### Collected data
++++++++++

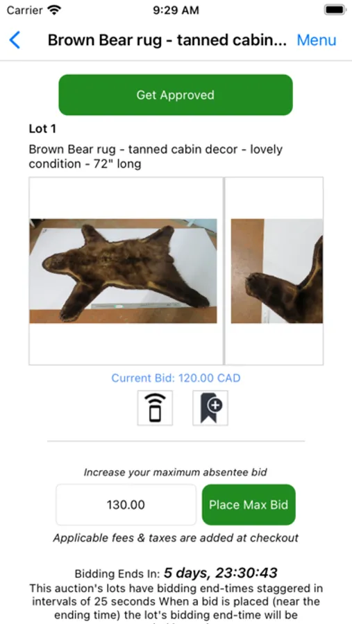 • Browsing of auction catalogs with photos, descriptions and easy use absentee bidding
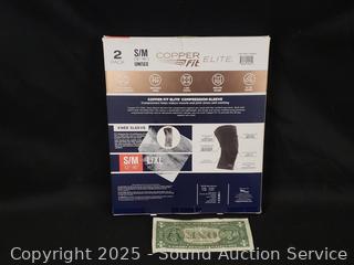 Lot #0231: 2 Copper Fit Elite Compression Knee Sleeves S:S/M,12-16"
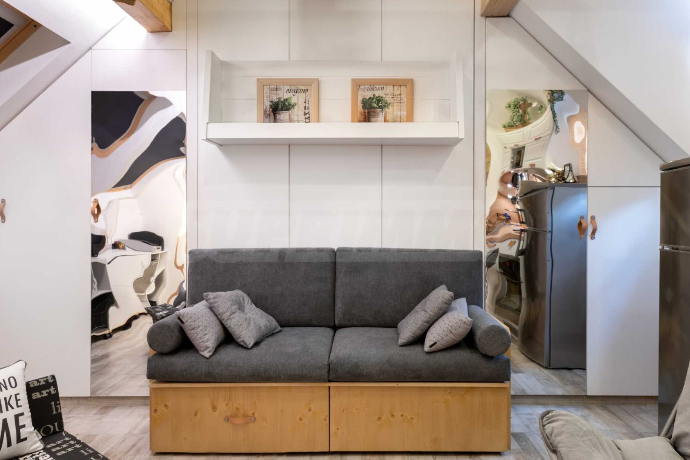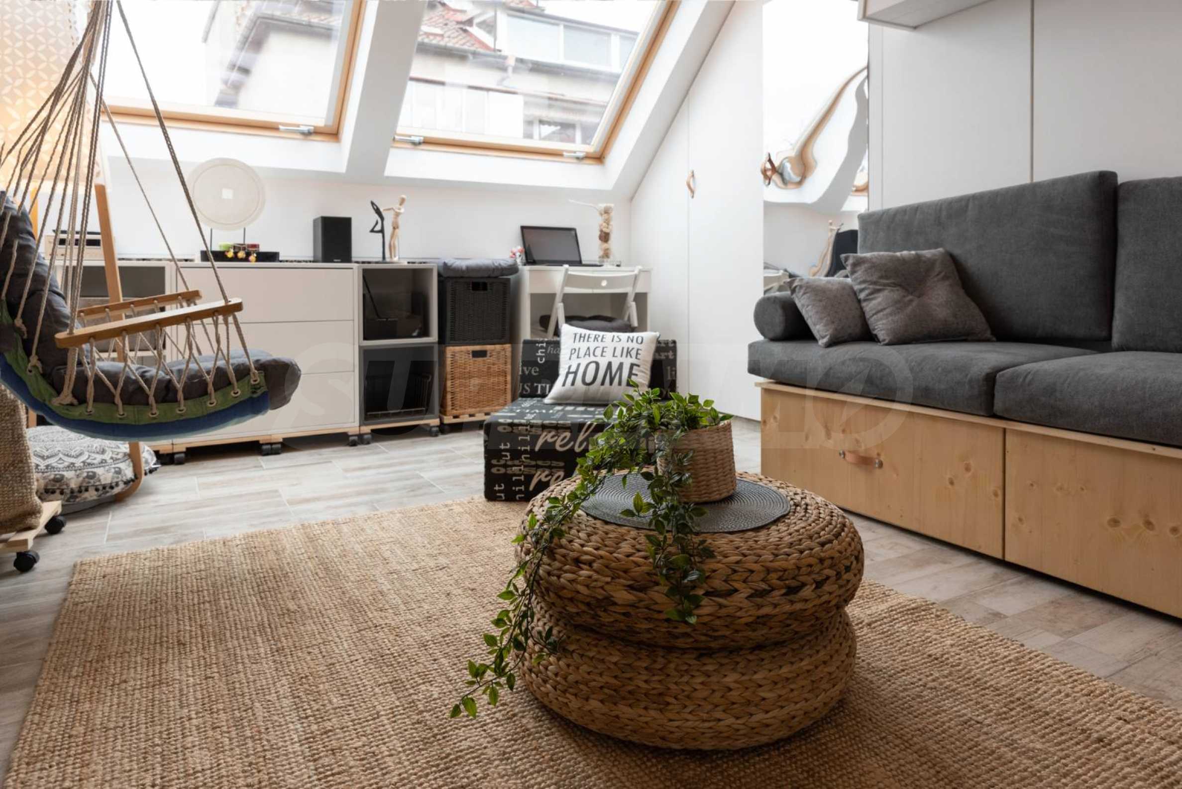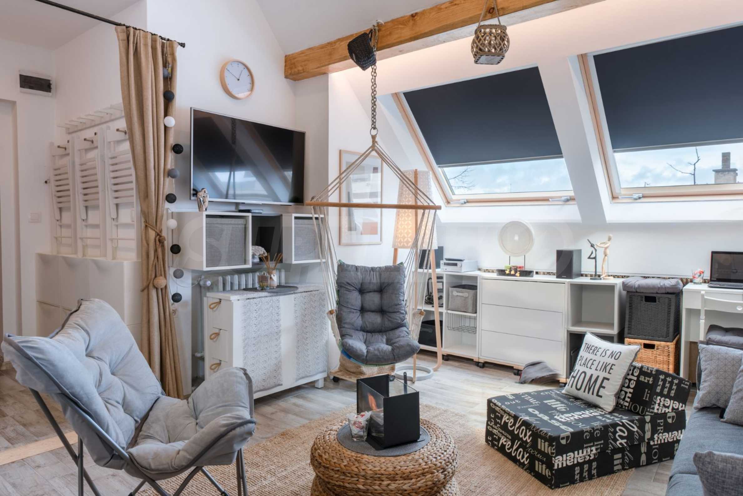 Prezentujemy Państwu przytulne i artystyczne studio do wynajęcia, zlokalizowane w samym sercu Sofii, z niesamowitym widokiem na kultowy Narodowy Pałac Kultury (NPC).

++++++++++

### What the exercise asks
Quote the data above in full, leaving out the pictures it holds.

### Exercise response
 • Browsing of auction catalogs with photos, descriptions and easy use absentee bidding
 Lot #0231: 2 Copper Fit Elite Compression Knee Sleeves S:S/M,12-16"
 Prezentujemy Państwu przytulne i artystyczne studio do wynajęcia, zlokalizowane w samym sercu Sofii, z niesamowitym widokiem na kultowy Narodowy Pałac Kultury (NPC).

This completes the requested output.